======== Records ========
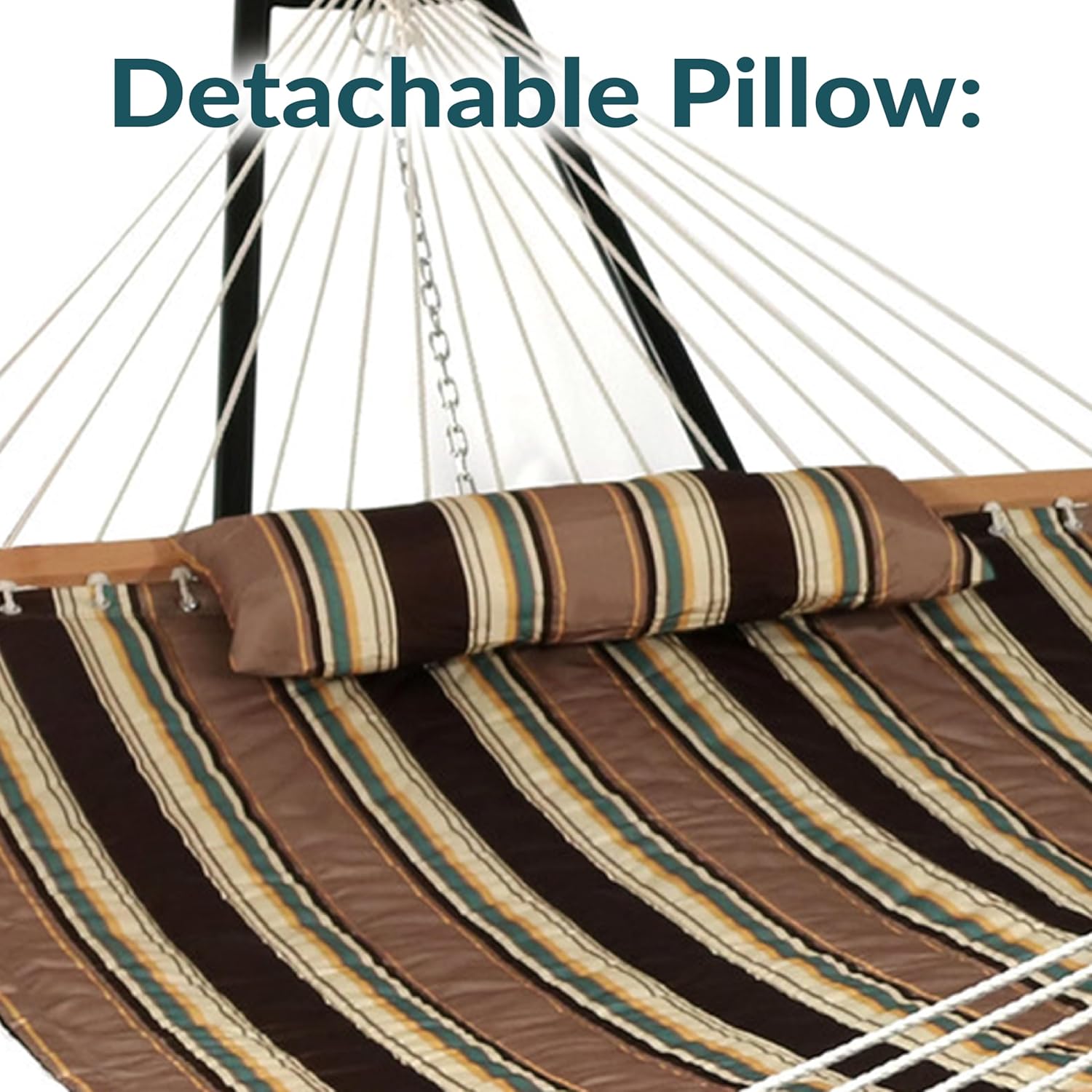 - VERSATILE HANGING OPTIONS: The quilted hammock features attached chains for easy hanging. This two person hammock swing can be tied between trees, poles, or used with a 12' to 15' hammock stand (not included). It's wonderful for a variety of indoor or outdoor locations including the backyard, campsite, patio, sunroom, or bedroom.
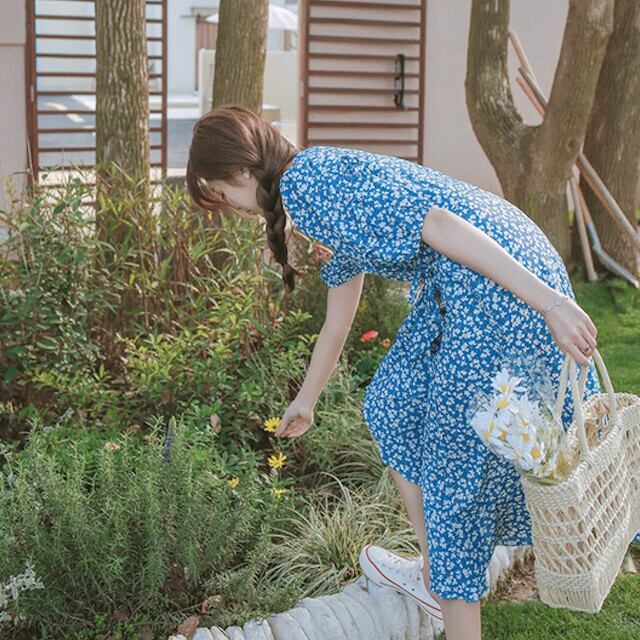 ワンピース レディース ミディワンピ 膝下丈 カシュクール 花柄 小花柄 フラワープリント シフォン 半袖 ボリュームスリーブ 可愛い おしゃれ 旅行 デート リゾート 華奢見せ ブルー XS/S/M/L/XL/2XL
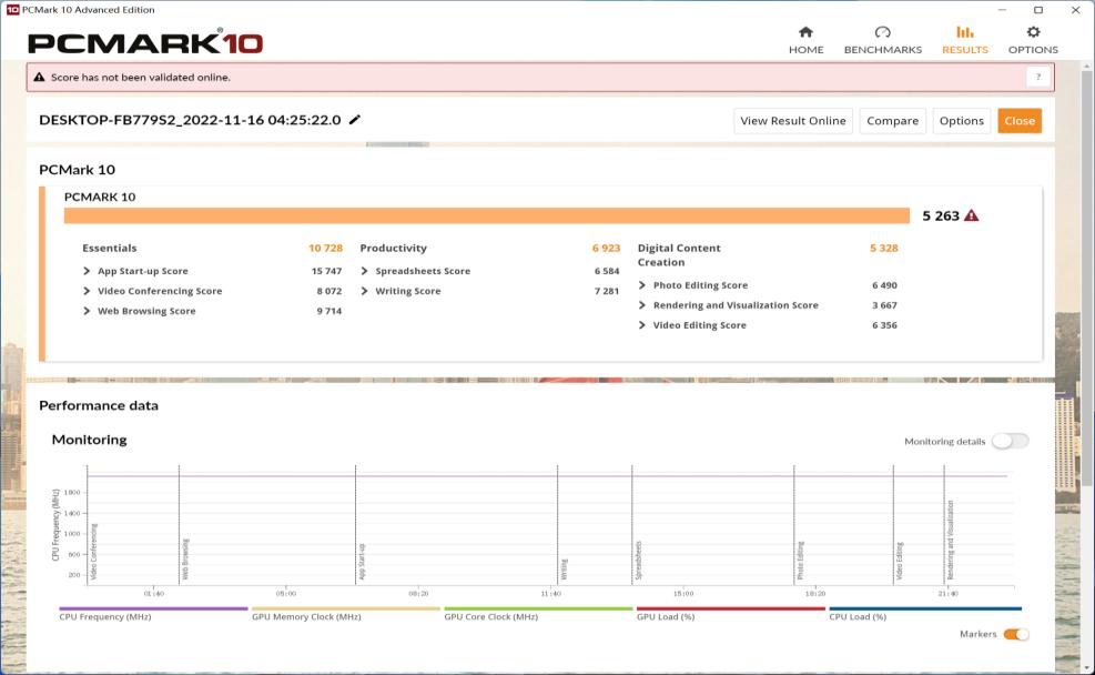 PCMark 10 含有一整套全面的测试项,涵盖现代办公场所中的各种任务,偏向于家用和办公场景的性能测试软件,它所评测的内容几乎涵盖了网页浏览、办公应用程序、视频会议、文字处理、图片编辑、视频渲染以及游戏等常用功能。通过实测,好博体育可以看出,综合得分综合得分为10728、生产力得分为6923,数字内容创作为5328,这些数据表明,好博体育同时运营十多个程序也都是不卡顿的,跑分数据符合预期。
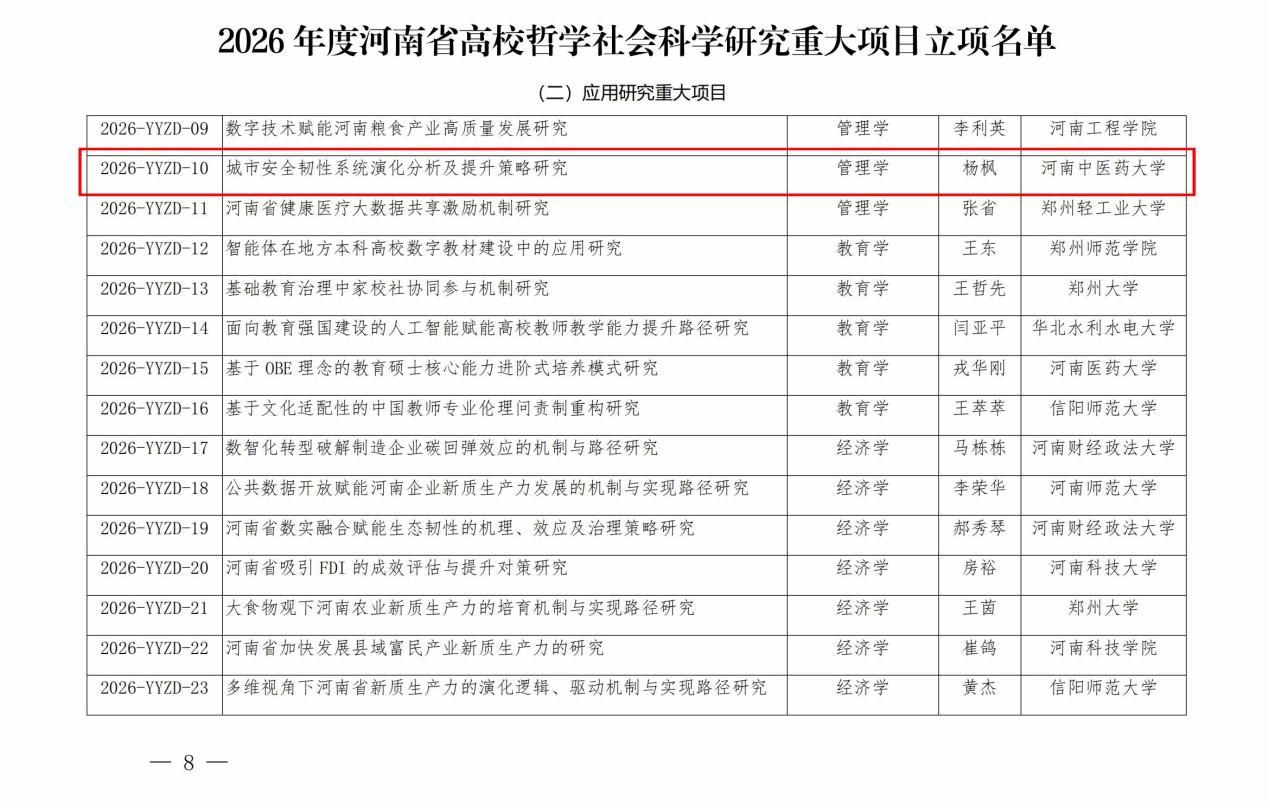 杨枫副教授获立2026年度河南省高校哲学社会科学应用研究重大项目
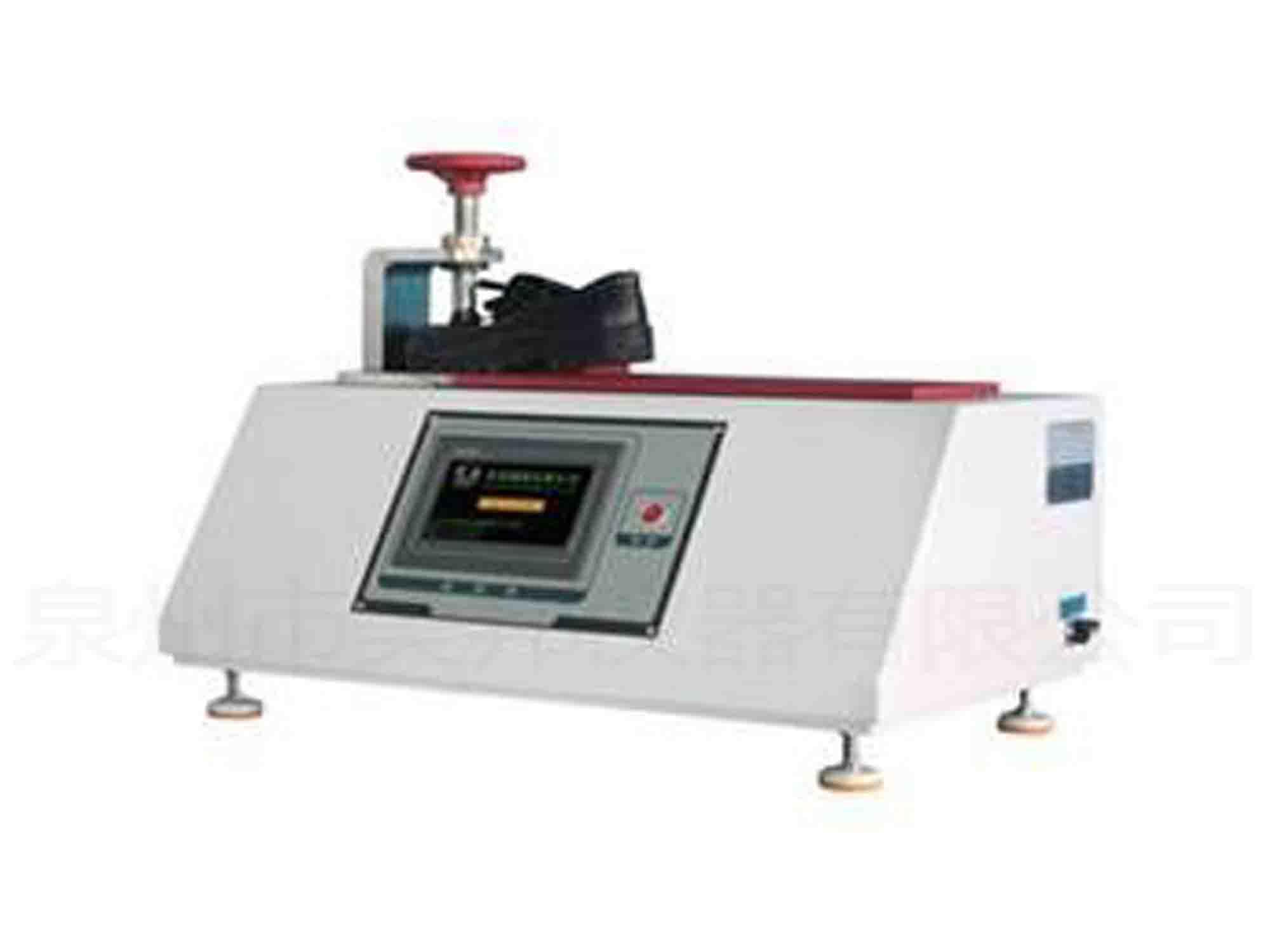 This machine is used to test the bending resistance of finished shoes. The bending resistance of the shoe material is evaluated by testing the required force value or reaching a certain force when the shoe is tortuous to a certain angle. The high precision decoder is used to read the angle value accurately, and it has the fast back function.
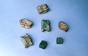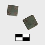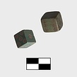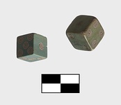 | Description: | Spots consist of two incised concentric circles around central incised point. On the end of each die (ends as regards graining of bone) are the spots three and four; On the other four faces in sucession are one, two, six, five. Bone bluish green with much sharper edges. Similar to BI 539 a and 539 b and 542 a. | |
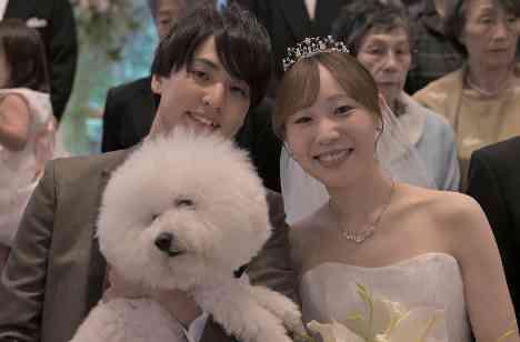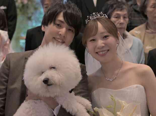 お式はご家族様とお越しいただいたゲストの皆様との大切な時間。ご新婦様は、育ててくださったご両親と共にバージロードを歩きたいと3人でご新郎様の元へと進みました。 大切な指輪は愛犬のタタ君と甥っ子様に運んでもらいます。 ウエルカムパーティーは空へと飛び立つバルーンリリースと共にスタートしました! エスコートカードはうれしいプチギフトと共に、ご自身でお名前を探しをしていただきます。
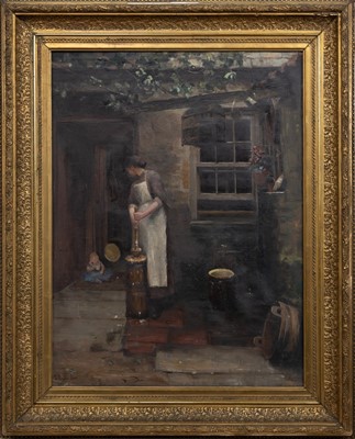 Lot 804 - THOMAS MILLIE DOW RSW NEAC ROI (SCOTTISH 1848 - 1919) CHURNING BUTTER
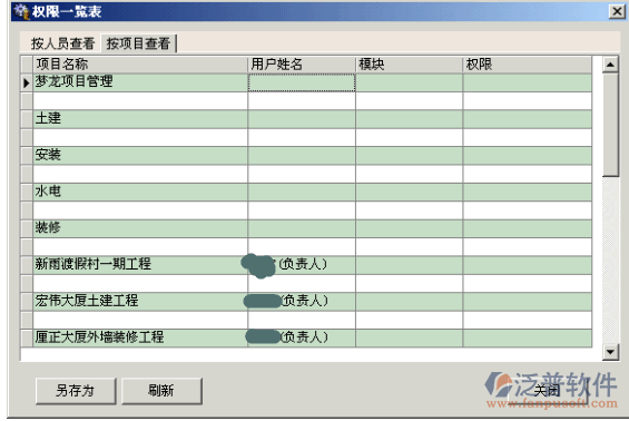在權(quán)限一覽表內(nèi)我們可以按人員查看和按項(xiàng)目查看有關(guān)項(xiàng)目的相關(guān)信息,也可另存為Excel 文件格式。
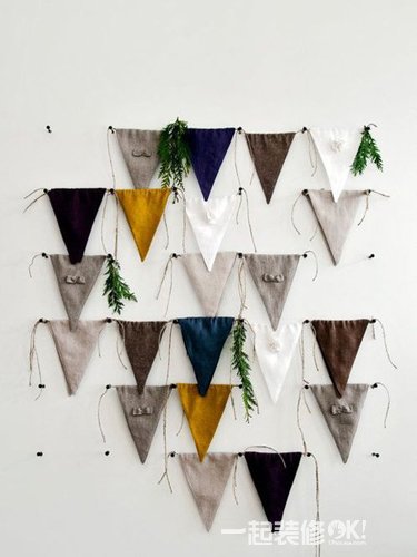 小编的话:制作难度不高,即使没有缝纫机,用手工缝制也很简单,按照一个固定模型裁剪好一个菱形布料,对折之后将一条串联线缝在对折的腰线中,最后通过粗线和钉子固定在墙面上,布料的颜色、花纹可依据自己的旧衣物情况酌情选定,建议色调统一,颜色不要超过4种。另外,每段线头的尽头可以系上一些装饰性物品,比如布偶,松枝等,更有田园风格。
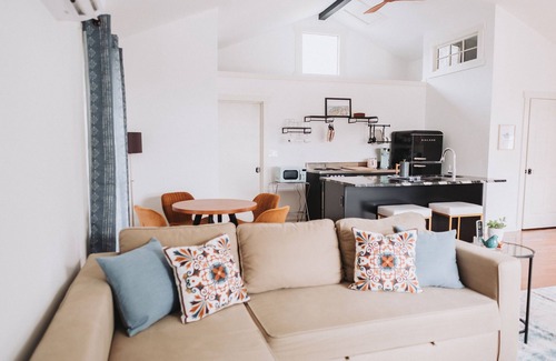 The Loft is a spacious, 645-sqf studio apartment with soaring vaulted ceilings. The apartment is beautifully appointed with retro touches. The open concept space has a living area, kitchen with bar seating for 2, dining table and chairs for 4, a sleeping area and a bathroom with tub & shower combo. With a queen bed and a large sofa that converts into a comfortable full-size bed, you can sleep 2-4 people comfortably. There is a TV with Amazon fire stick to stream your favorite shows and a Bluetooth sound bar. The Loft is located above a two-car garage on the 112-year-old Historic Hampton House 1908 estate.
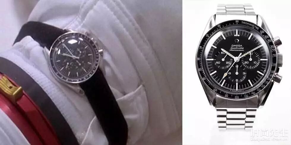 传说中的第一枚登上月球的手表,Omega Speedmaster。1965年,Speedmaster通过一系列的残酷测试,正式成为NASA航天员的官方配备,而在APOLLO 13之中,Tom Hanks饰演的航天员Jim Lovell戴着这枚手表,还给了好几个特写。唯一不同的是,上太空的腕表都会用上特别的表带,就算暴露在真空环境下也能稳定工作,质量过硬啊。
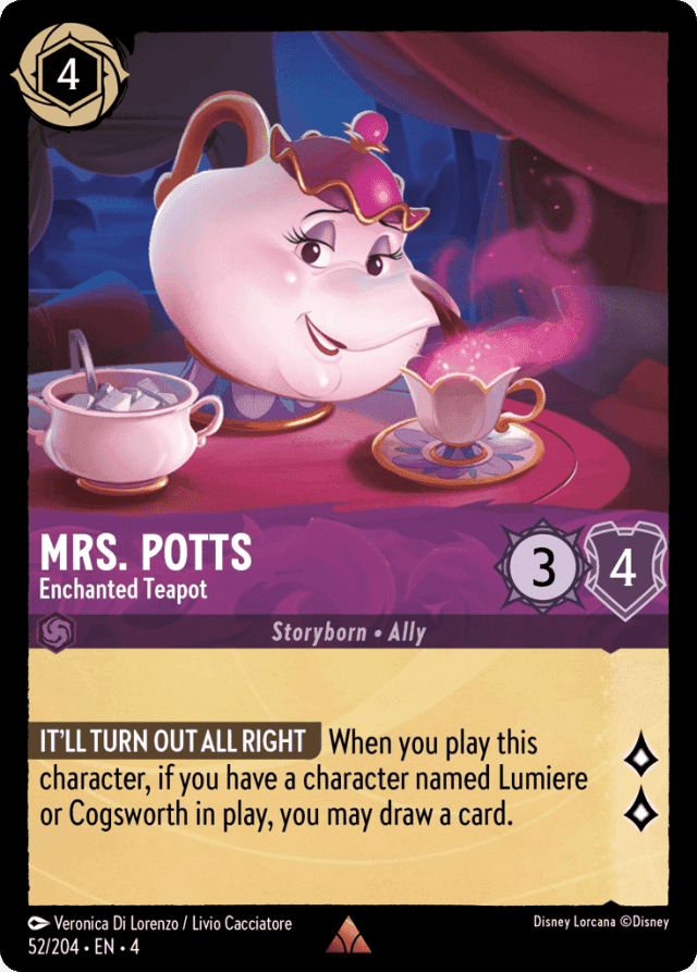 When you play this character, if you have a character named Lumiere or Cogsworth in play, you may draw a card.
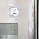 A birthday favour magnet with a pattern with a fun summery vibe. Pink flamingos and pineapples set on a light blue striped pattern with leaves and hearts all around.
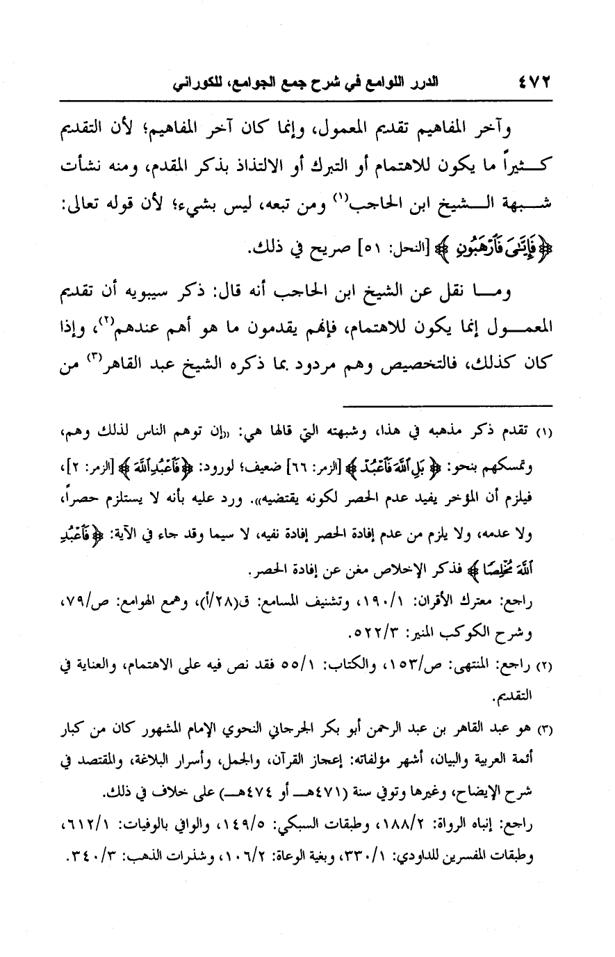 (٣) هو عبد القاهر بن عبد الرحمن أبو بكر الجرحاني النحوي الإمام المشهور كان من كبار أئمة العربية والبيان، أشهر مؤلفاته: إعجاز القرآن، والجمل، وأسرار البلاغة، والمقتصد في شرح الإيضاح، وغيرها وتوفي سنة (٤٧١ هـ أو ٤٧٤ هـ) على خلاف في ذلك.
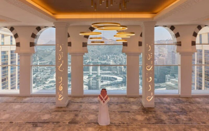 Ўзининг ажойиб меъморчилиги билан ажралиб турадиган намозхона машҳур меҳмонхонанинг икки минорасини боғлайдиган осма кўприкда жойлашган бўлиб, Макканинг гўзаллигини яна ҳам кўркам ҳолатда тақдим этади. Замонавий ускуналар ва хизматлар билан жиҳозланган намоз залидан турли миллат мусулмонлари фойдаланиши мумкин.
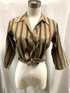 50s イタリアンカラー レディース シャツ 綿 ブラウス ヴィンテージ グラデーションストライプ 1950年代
========
**Try it:** With all pictures omitted, return the lines from the line containing "Ўзининг ажойиб меъморчилиги" through the closing line of the listing above, exactly and inclusive.

**Answer for the task:**
 Ўзининг ажойиб меъморчилиги билан ажралиб турадиган намозхона машҳур меҳмонхонанинг икки минорасини боғлайдиган осма кўприкда жойлашган бўлиб, Макканинг гўзаллигини яна ҳам кўркам ҳолатда тақдим этади. Замонавий ускуналар ва хизматлар билан жиҳозланган намоз залидан турли миллат мусулмонлари фойдаланиши мумкин.
 50s イタリアンカラー レディース シャツ 綿 ブラウス ヴィンテージ グラデーションストライプ 1950年代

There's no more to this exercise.